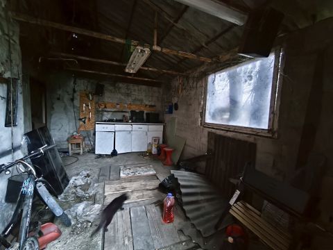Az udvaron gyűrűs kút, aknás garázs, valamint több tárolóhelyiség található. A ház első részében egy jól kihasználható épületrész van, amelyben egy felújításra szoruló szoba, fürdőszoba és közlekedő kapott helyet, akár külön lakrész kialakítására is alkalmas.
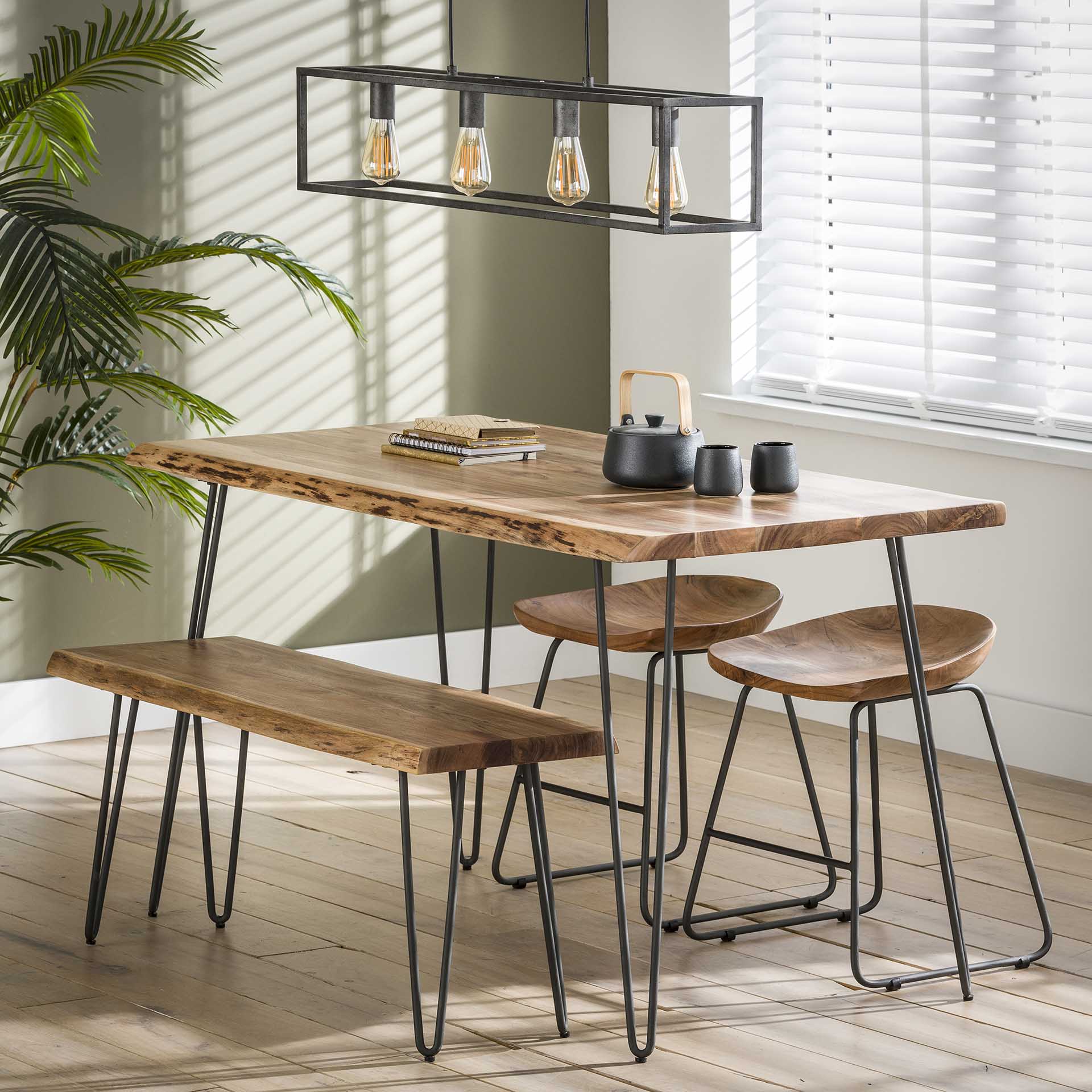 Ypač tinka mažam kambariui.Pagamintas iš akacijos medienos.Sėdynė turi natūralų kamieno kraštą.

================

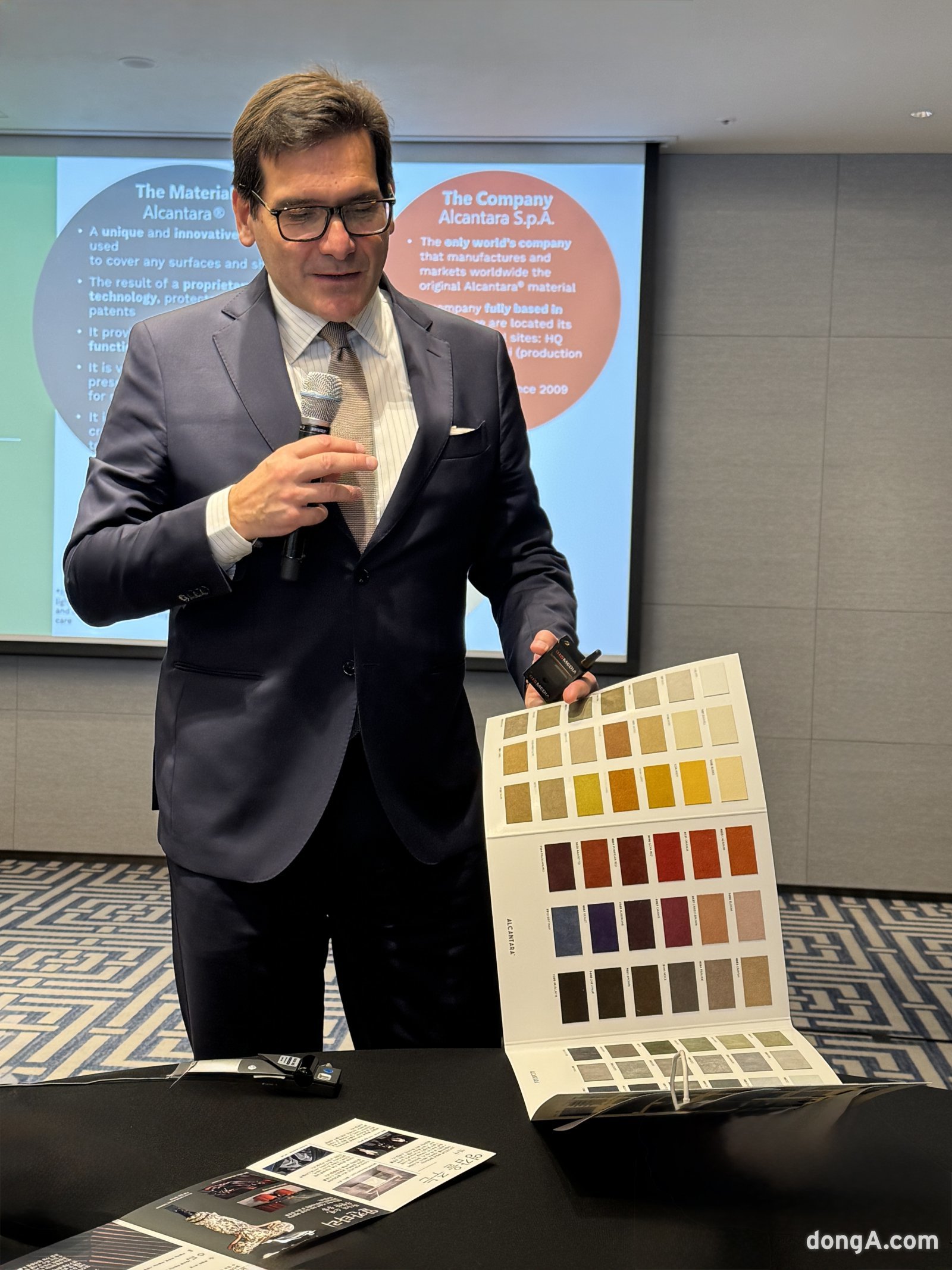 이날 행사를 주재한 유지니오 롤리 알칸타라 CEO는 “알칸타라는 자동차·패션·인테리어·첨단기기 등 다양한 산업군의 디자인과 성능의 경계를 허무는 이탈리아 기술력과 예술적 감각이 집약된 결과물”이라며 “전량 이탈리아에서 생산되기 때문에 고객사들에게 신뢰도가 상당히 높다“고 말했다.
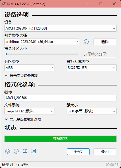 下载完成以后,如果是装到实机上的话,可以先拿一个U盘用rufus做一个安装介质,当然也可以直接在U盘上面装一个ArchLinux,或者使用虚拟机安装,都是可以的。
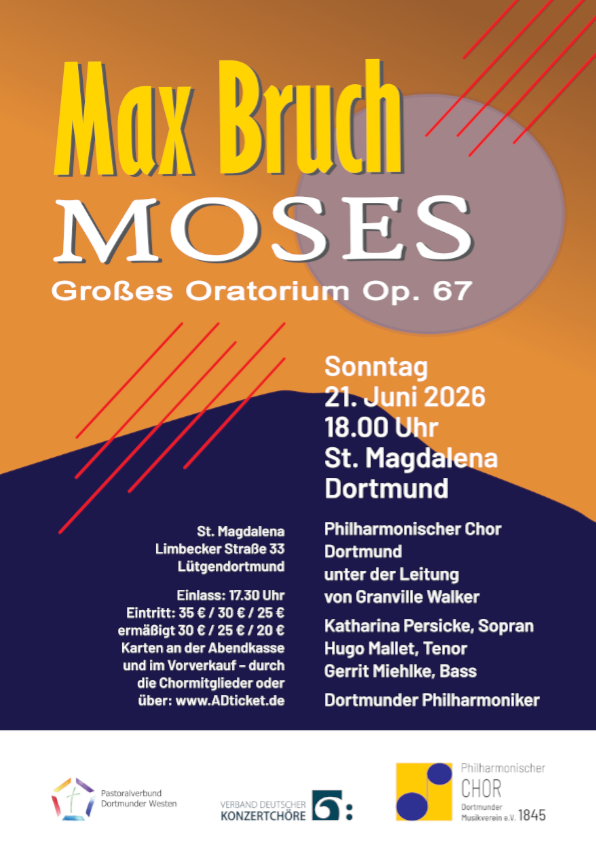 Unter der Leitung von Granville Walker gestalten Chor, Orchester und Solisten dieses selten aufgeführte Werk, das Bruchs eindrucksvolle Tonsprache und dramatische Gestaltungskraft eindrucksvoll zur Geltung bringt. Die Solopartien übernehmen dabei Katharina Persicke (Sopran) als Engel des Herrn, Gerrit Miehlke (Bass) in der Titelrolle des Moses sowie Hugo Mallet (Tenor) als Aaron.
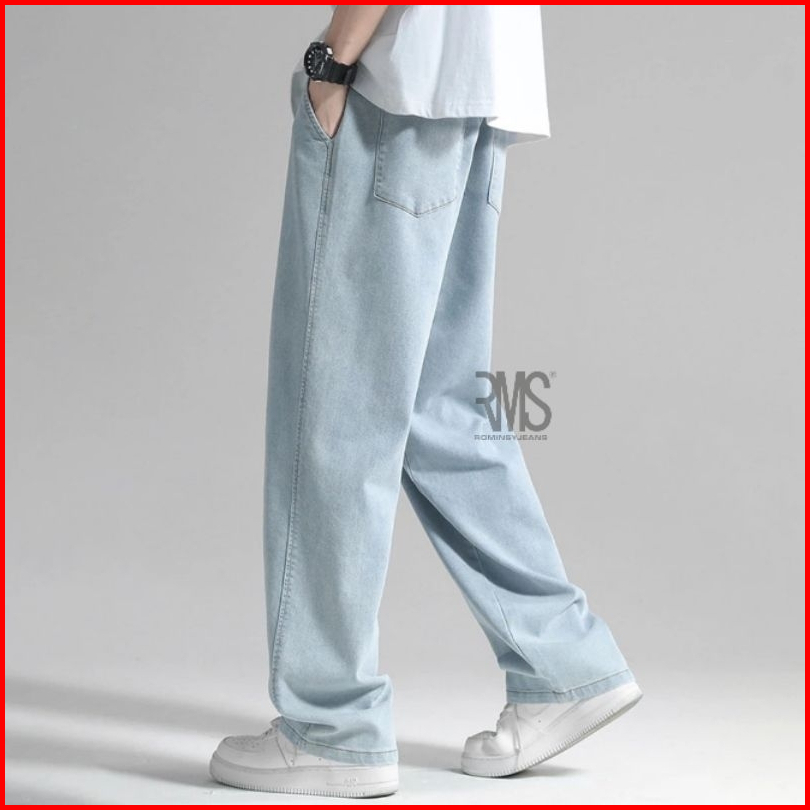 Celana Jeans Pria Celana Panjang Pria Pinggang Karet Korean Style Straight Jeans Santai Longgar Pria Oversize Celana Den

================

## What you have to do
With pictures excluded, reproduce exactly the lines above from the one containing "이날 행사를 주재한 유지니오" down to the one containing "Celana Jeans Pria", those two included.

## Response area
 이날 행사를 주재한 유지니오 롤리 알칸타라 CEO는 “알칸타라는 자동차·패션·인테리어·첨단기기 등 다양한 산업군의 디자인과 성능의 경계를 허무는 이탈리아 기술력과 예술적 감각이 집약된 결과물”이라며 “전량 이탈리아에서 생산되기 때문에 고객사들에게 신뢰도가 상당히 높다“고 말했다.
 下载完成以后,如果是装到实机上的话,可以先拿一个U盘用rufus做一个安装介质,当然也可以直接在U盘上面装一个ArchLinux,或者使用虚拟机安装,都是可以的。
 Unter der Leitung von Granville Walker gestalten Chor, Orchester und Solisten dieses selten aufgeführte Werk, das Bruchs eindrucksvolle Tonsprache und dramatische Gestaltungskraft eindrucksvoll zur Geltung bringt. Die Solopartien übernehmen dabei Katharina Persicke (Sopran) als Engel des Herrn, Gerrit Miehlke (Bass) in der Titelrolle des Moses sowie Hugo Mallet (Tenor) als Aaron.
 Celana Jeans Pria Celana Panjang Pria Pinggang Karet Korean Style Straight Jeans Santai Longgar Pria Oversize Celana Den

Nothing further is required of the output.